DATA PROVIDED: Begin
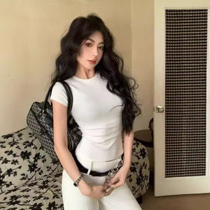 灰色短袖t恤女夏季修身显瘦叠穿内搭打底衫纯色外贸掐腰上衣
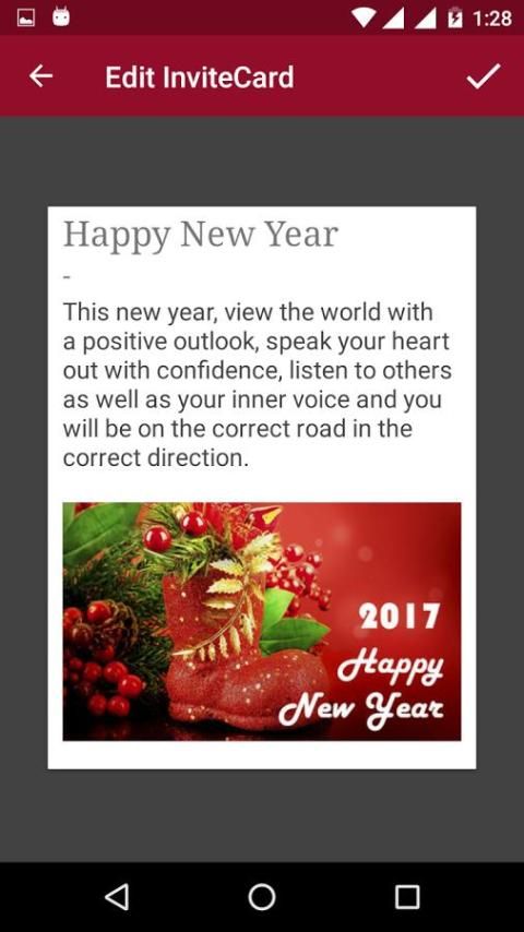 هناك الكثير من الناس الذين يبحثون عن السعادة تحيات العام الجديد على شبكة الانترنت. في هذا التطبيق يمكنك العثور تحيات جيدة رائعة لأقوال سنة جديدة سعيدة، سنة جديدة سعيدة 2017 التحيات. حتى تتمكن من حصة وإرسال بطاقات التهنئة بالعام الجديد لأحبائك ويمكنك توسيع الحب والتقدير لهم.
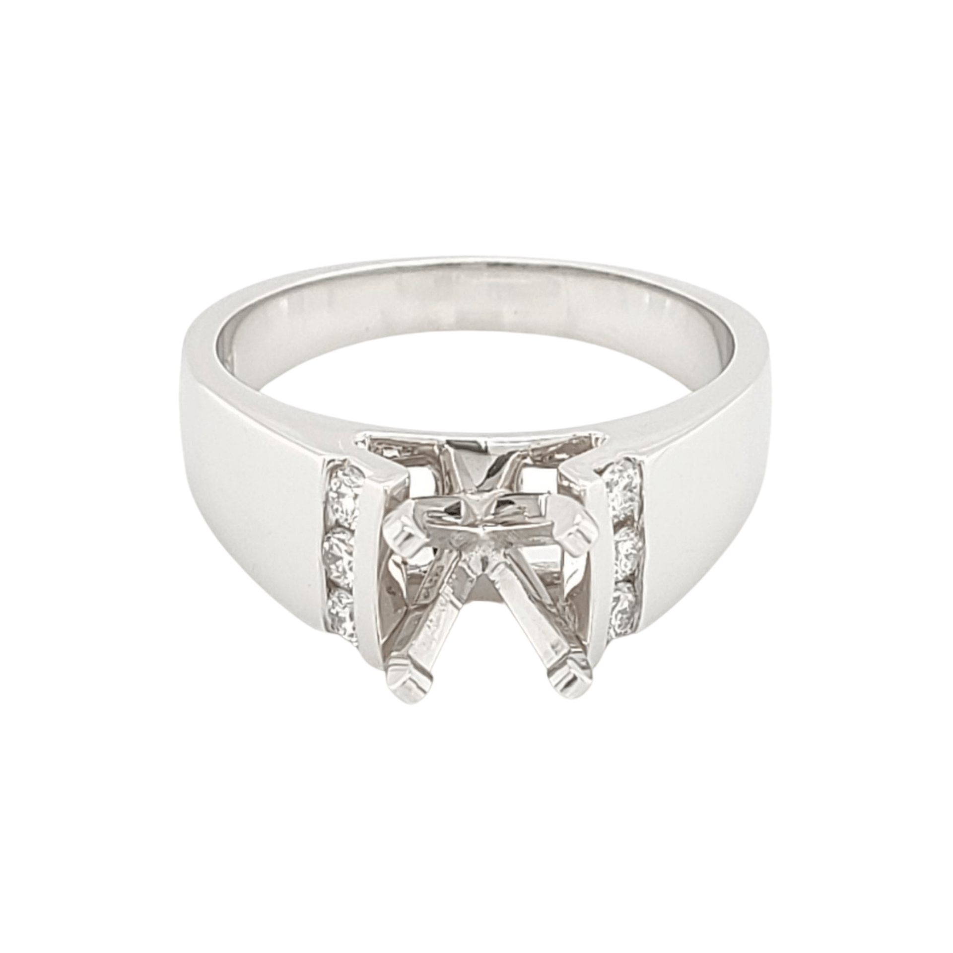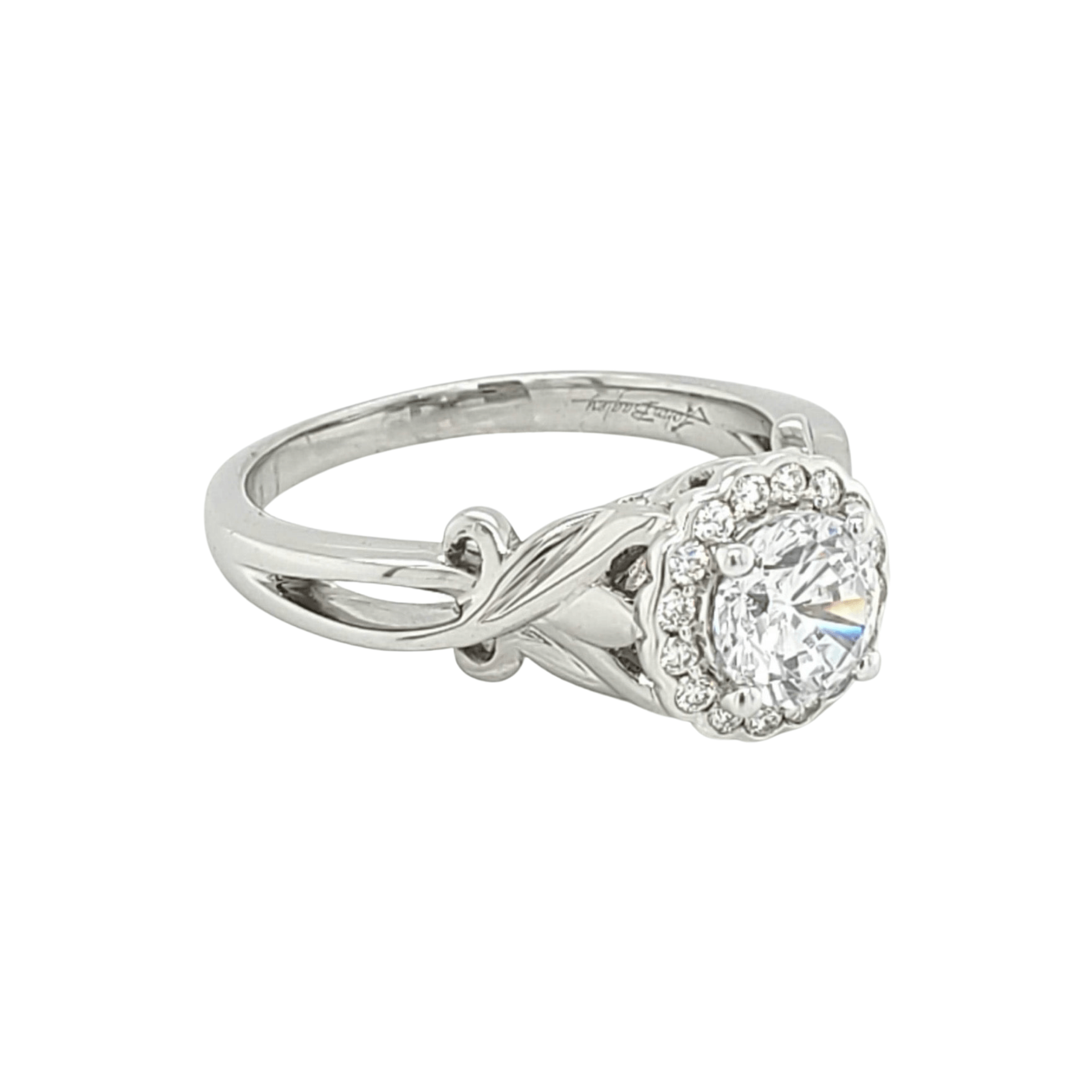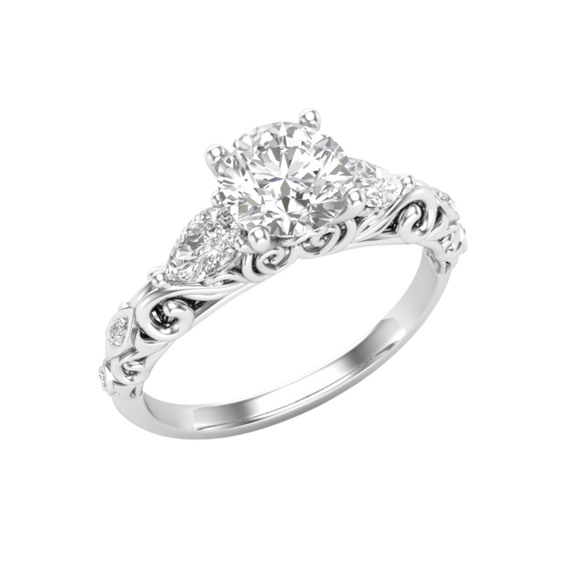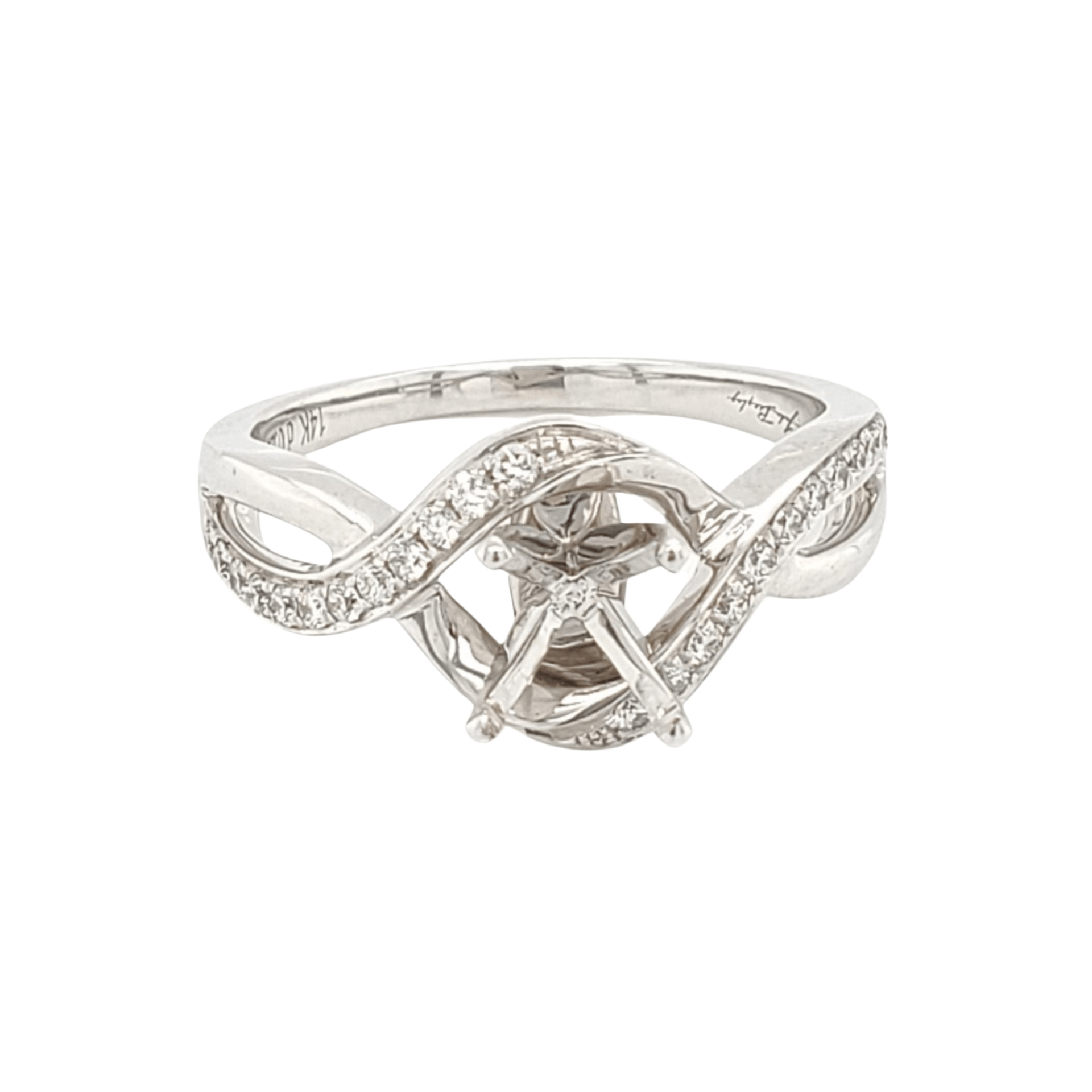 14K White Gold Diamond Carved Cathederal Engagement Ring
DATA PROVIDED: End
DATA PROVIDED: Begin
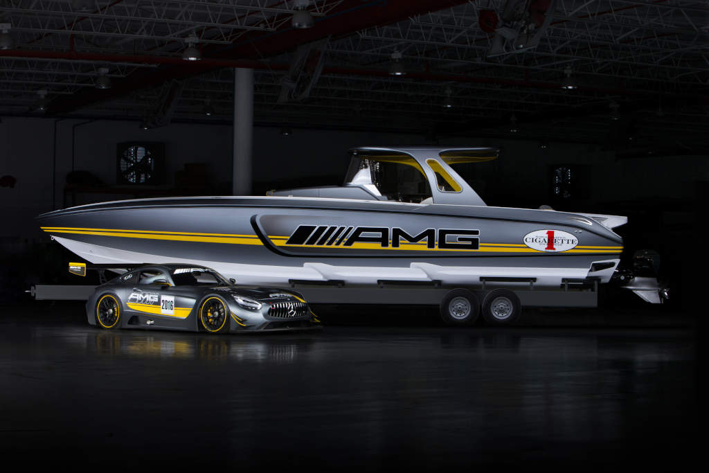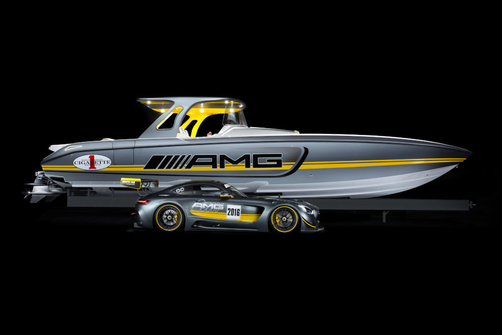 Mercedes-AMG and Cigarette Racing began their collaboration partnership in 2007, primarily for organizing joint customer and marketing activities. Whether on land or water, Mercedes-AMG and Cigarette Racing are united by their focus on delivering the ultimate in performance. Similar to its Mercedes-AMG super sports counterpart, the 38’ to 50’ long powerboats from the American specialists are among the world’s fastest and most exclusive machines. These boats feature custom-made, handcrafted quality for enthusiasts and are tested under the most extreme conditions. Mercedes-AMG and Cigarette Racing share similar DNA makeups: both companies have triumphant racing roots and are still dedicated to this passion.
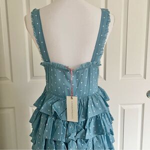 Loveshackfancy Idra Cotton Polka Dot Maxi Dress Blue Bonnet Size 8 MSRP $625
DATA PROVIDED: End
(WHAT THE TASK REQUIRES): Keep to the stretch from the line containing "灰色短袖t恤女夏季修身显瘦叠穿内搭打底衫纯色外贸掐腰上衣" through the line containing "14K White Gold", both ends included, and copy it exactly from the listing above, minus the pictures.

(OUTPUT OF THE TASK):
 灰色短袖t恤女夏季修身显瘦叠穿内搭打底衫纯色外贸掐腰上衣
 هناك الكثير من الناس الذين يبحثون عن السعادة تحيات العام الجديد على شبكة الانترنت. في هذا التطبيق يمكنك العثور تحيات جيدة رائعة لأقوال سنة جديدة سعيدة، سنة جديدة سعيدة 2017 التحيات. حتى تتمكن من حصة وإرسال بطاقات التهنئة بالعام الجديد لأحبائك ويمكنك توسيع الحب والتقدير لهم.
 14K White Gold Diamond Carved Cathederal Engagement Ring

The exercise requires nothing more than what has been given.